I’m trying to change a kernel from single precision to double precision floating point, and I’m having trouble getting the right results to my vector.

Let’s start off with the basics, I’m using 32bit linux (ubuntu). When I type nvcc --version it says Cuda Compilation tools, release 2.2 V0.2.1221. My graphics card is a GTX 285. Stop me here if this isn’t going to work.

Continuing on I compile with the following:
nvcc -arch sm_13 -o my_cuda_blas.o -c -I/usr/local/cuda/include -I/usr/local/cuda/common/inc

Anything not look right so far?

Those compilation arguments should be correct.

So there is no issues with compiling for double precision from a 32bit linux distro, nor am I using the wrong version of NVCC?

OK then, moving on to the more complicated stuff…

This is just a matrix vector multiply of sparse matrix stored in vectors.
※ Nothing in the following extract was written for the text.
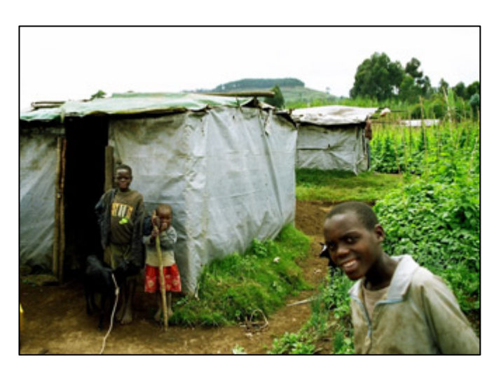
Settlement site along a road in Gisenyi

Housing and living conditions for the relocated people are considerably worse than before the displacement. The conditions in the villages and settlements are appalling, more than four years after the UN stated that "governmental and international efforts to stabilize the situation through durable solutions have advanced beyond the threshold of what still could be called internal displacement". As of May 2005, there were thousands of makeshift shelters along rural roads in Ruhengeri and Gisenyi. Many have walls of leaves and soil and roofs of plastic sheeting giving very limited protection against rain and temperatures which can drop to 10C (50F) in Ruhengeri. A majority of the households are headed by women and there is a serious shortage of man-power. The hard volcanic soil makes it next to impossible for each household to have proper pit-latrines and access to water and sanitation facilities are reported to be a serious problem in most settlements. One widow in Ruhengeri could only afford to send one of her five children to school, despite the government's Universal Primary Education scheme. She claimed to have been better off in the house she was forced to abandon in 1998 compared to her current situation. She had only been given a plot of 20 by 25 meters of arable land which was supposed to provide sufficient livelihood for her and her children.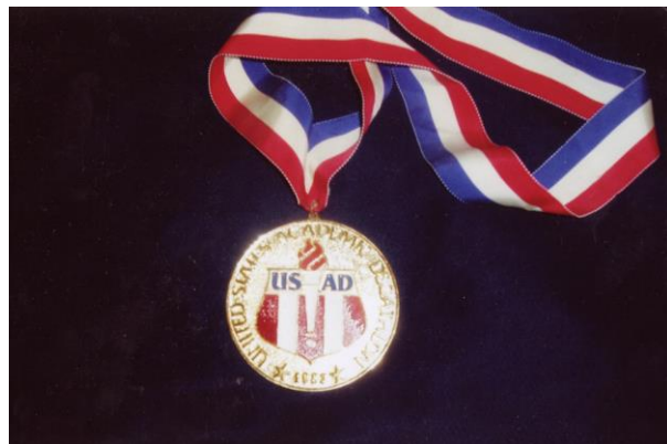
The Academic Decathlon Medal--- A Medal of Honor!!

I allocated the vectors using

cublasAlloc(…) with element sizes of doubles, and initiated their values to 1 just for testing.
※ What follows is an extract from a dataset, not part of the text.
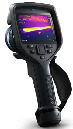
Flir E96 Thermal Imaging Camera

"We use a Flir infrared camera to study a heat map of a rider pedaling to optimize body position and bike set up," says Kevin. "By combining thermography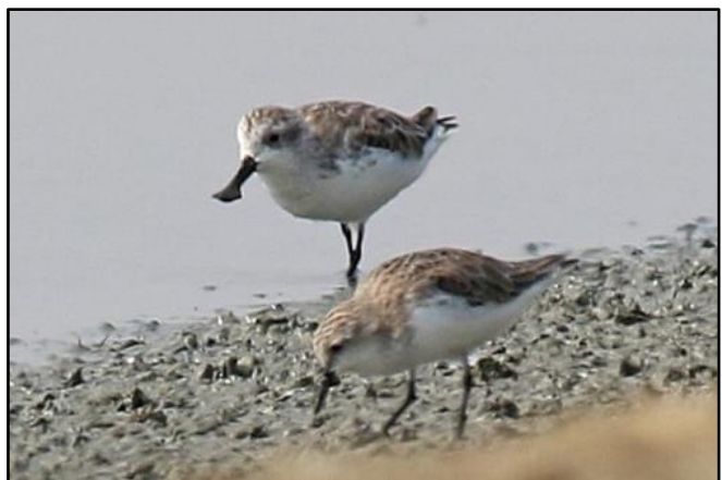
Spoon-billed Sandpiper

Our trip total of 548 species in 24 days proved, once again, that Thailand offers an incredible diversity of species on the Asian continent. Participants were treated to an amazing variety of star birds, including Mountain Bamboo Partridge, spectacular Silver Pheasant, Siamese Fireback, incredible Mrs Hume's Pheasant, Green Peafowl, Milky Stork, Black Bittern, Chinese Egret, Pied Harrier, Asian Dowitcher, Nordmann's Greenshank, Beach Thick-knee, Small Pratincole, Nicobar Pigeon, Spoon-billed Sandpiper, all 6 species of malkoha, Asian Emerald and Violet Cuckoos, 10 species of owl – including Mountains and Oriental Scops, Barred

I read the vectors back using cublasGetVector(…) with element sizes of double, etc and all works OK, so I’m assuming my vectors are correctly stored.
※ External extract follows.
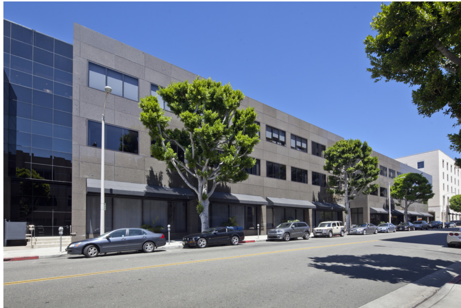
LOOKING NORTH ON RODEO DRIVE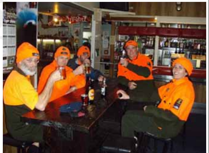
The all-important debrief!

Now, the last line where storing back to b[index], it used to be b[index]=res; but that wasn’t working so I changed it to 3.0 just to make sure I could store 3 to the output vector elements.

__global__ void Mat1x1VecMultKernel ( double * matrix, unsigned int size_matrix,

									  uint2 * rowptr, unsigned int size_rowptr,

									  unsigned int * colind, unsigned int size_colind,

									  double * x, double * b, unsigned int size_vec ) {

	// Thread index

	const unsigned int index = compute_thread_index ();

	if ( index < size_vec ) {

		uint2 rowptr_bounds = rowptr[index];

		double res = 0.0;

		// for each block of the block_row, mult

		for ( unsigned int i=rowptr_bounds.x; i<rowptr_bounds.y; i++ ) { 

			res += matrix[i]*x[colind[i]];


		b[index] = 3.0;   // res;



(this kernel was not originally my own creation , but from the cnc number cruncher project)

What comes out is all 1’s in the vector still. Any ideas? The code works fine in floating point, and I don’t see anything fundamentally that I changed from going to double precision.

The kernel probably isn’t running at all. Do you have host side error checking code around the kernel launch and memory management? { Remember that the size of everything doubles with 64 bit floating point, so your execution parameters might need to change, and accidental mistakes with type sizes get exposed when the type size increases from 4 bytes to 8 }